Вадим Селин - Страхи из новой коллекции
— Но как такое может быть? — запутался я.
— Все очень просто. Ты же слышал о самовнушении?
— Да, я пытался внушить себе, что не боюсь находиться в закрытых помещениях, но у меня ничего не получалось, — признался я.
— Правильно. Еще можно говорить себе: «Я расту, я расту, я расту», и человек действительно вырастает. Или я знаю одну девушку, которая была с кривым носом, она внушила себе, что у нее прямой нос, и через некоторое время он стал прямым… Так и здесь: подсознание смешивается с сознанием, но вот только последствия моих эпизодов исчезают.
— Ясно… Так зачем вы делали вид, что не знаете меня и Любку?
— Мне надо было от девчонки избавиться, очень уж она приставучая. А если б я сразу с распростертыми объятьями тебя приняла, а ее выгнала, она б что-то заподозрила. Короче, хватит о ней.

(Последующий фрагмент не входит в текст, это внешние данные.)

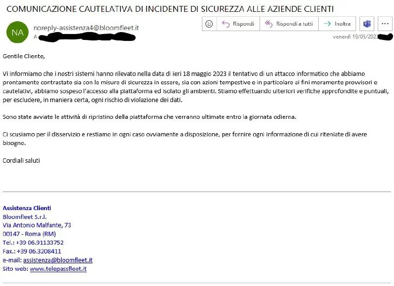 Secondo la comunicazione di Bloomfleet, il tentativo di attacco informatico è stato rilevato il 18 maggio 2023 dai loro sistemi di sicurezza, che hanno immediatamente risposto bloccando l’accesso alla piattaforma e isolando gli ambienti interessati. Queste precauzioni provvisorie sono state adottate per garantire la sicurezza dei dati e per evitare ulteriori danni potenziali.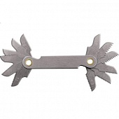 Резьбомеры применяются для внутренней и наружной резьбы. С его помощью можно правильно подобрать параметры профиля резьбы. Он избавляет пользователя от неприятностей во время создания 2-го элемента в соединении. В основном применяется в слесарном деле. Инструмент включает комплекс гребёнок, которые имеют зубчатую форму. Каждая из них обладает конкретным интервалом между выступами смежного характера. За счет хорошо отшлифованных поверхностей и широкой конфигурации модели можно применять для определения шага как наружной, так и внутренней резьбы. Как правило, на лицевой части каждого элемента наносится шаг резьбы для удобства работы и быстрого выбора нужной гребенки.

— Подождите, я все-таки мало что понял. Когда мы попали в лес, Женька говорил, что видел смерть…
— «Смерть»! — засмеялась Саакян. — Это я была. В подсознание влезала, наблюдала за вами.
— А как все эти… эпизоды на камеру снимали?
— Это сложно объяснить. Ваше подсознание посылало импульсы специальному прибору, который их принимал и записывал на пленку все, что творилось в вашей голове, понятно?
— Почти… — протянул я. — А монета с солнцем? А отрезанные пальцы — это действительно было с Женькиными родственниками?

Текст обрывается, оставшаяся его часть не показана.